- Box art by Cliff Spohn
- Developer: Atari, Inc.
- Publishers: Atari, Inc.
- Designer: Larry Kaplan
- Programmer: Larry Kaplan
- Platform: Atari 2600
- Release: January 26, 1979;
- Genre: Sports (bowling)
- Modes: Single-player, multiplayer

= Bowling (1979 video game) =

1979 video game

Bowling is a 1979 sports video game developed and published by Atari, Inc. for the Atari 2600. (Note: The Atari VCS became known as the Atari 2600 only after the release of the Atari 5200 in 1982.) It is a simulation of tenpin bowling and sees the player attempting to knock down as many pins as possible with a ball in order to acquire a high score. There are six game modes that can selected from that influence the ball's movement and if a second player can participate for competitive multiplayer.

==Gameplay==

A bowler rolling their ball down the lane towards two remaining pins. The player's score, as well as current game variation, is shown at the top of the screen.

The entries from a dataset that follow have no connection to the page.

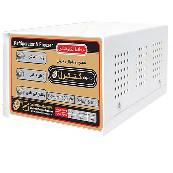 محافظ یخچال و فریزر فلزی 2 خانه ارت دار نمودار کنترل مدل M108 با سیم 4 متری از سری محصولات جدید و به روز شرکت نمودار کنترل است که برای محافظت از لوازم برقی آشپزخانه مثل : یخچال، فریزر، ماشین لباس شویی و ... در برابر ولتاژهای غیرعادی و اختلالات جریان برق شهری استفاده می شود و از سوختن و خرابی دستگاه های الکتریکی جلوگیری می کند. محصول ذکر شده در دو مدل جداگانه با سیم 1.5 متری و سیم 4 متری موجود است که تمامی مشخصات فنّی و کاربری این دو محافظ برق مشابه می باشند و تنها تفاوت آنها در متراژ سیم است که بر اساس نوع سفارش و نیاز مشتری تعیین شده و به همراه دیگر محصولات روشنایی، لوازم جانبی برقی و مدل های مختلف محافظ های برق نمودار کنترل از سایت معتبر لایت هوم با قیمت مقرون به صرفه و اقتصادی به فروش می رسند. محافظ یخچال و فریزر فلزی 2 خانه ارت دار نمودار کنترل مدل M108 با سیم 4 متری، بدنه ای از جنس فلز مقاوم و مرغوب، دو پریز ارتدار، سه لامپ ال ای دی و دیگر مواد اولیه باکیفیت تشکیل شده است و با توان خروجی 2500 وات، آمپر 10، مدّت زمان تاخیر 5 دقیقه، 2 عدد خروجی و 36 ماه گارانتی معتبر در اختیار مصرف کننده قرار می گیرد.
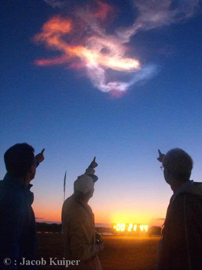 , its exhaust plume turned into a magnificently colorful panorama. Generally, this continues until about 40 minutes or more after blast off", Kuiper told me as
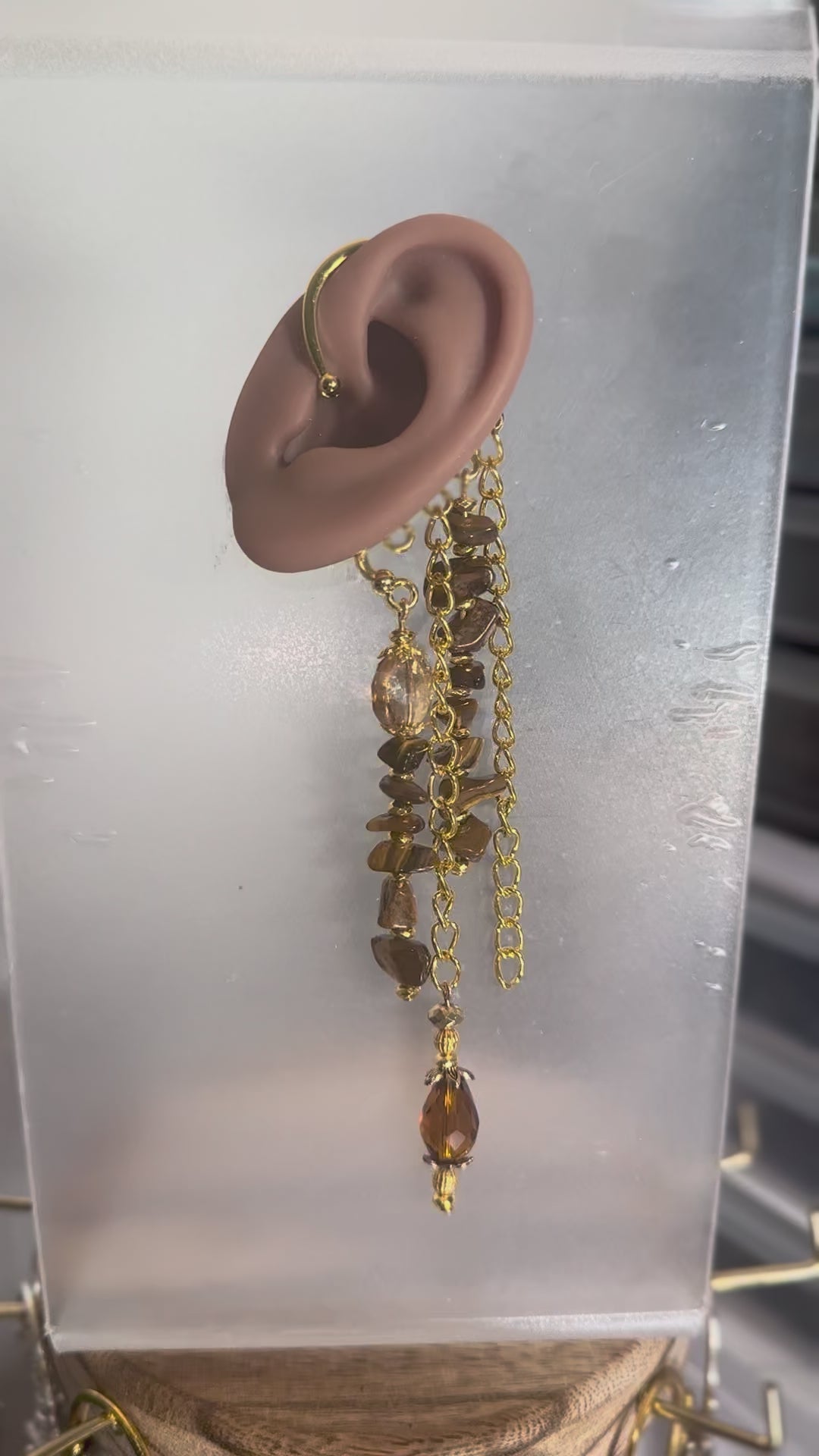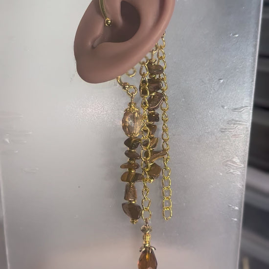 For the goddess who walks with fire in her spirit and strength in her soul. This ear cuff burns with the golden warmth of genuine Tiger’s Eye stones, cascading in glimmering gold chains and fierce energy. Each reflection ignites confidence, grounding, and power , a radiant reminder of your divine flame. No piercings required , slip it on and embody your inner fire.

Bowling is a sports video game that simulates tenpin bowling. The player controls a bowler on the left end of a horizontal lane and is tasked with getting a high score by the end of ten turns. At the start of each turn, the player is given two tries to hit as many of the ten bowling pins positioned on the lane as possible with their ball. The player's bowler can be moved up and down the lane to aim their ball's shot before releasing it at the pins. Each pin gives one point when hit, however knocking down all of them in one try awards the player a "strike" while hitting every pin in two tries gives a "spare". The player's final score is determined by how many points, strikes, and spares are earned, with the maximum score possible being 300 points.

There are a total of six game modes that impact how much the player can change their ball's trajectory once thrown as well as how many people can play. The first mode makes the ball movable in one direction after being thrown, the third allows it to go up and down after shooting, and the fifth doesn't allow the player to make any further adjustments. The rest of the modes are the same as those previously mentioned but allow two players to compete against one another, with each player being able to individually pick between the three ball movement options.

==Development==
Bowling was designed by Larry Kaplan. It was his final game for Atari, Inc. before leaving the company.

Prior to the release of Bowling other games based around the sport of Bowling were released for home consoles such as Bowling (1978) for Fairchild Channel F (1978), Bowling/Basketball (1978) for Magnavox Odyssey 2 and APF's Bowling (1978). While the Fairchild Channel F game allowed the players to curve the ball, Kaplan's game allowed the players to not just influence the trajectory of the ball, but also position and control the on-screen figure of a bowler who swung their arm and launched the ball down the lane.

==Release and reception==
Bowling was released on January 26, 1979 for the Atari VCS. It was re-released in various compilation formats, such as the Atari 80 in One for Windows in 2003 and the Atari Anthology for PlayStation 2 and Xbox in 2004. It was included in portable gaming compilations such as the Atari Greatest Hits for Nintendo DS and iOS-based devices. Bowling was added to the Atari 50 (2022) compilation release in 2023.

Bowling was reviewed by Video magazine in its "Arcade Alley" column where it was praised as "an enjoyable version of a sport that is perfectly suited to the video arcade format". The reviewers singled out the graphics (including the automatic frame-by-frame scoring and "deft" character animation) as "one of the game's best points". In Creative Computing, David H. Ahl complimented Bowling saying the sound effects made it a lively game. In his book The Complete Guide to Electronic Games (1981), Howard J. Blumenthal said the games control was a little awkward and that it lacked the "real feel" of the sport, while concluding that "despite all flaws, it's fun to play, over and over again."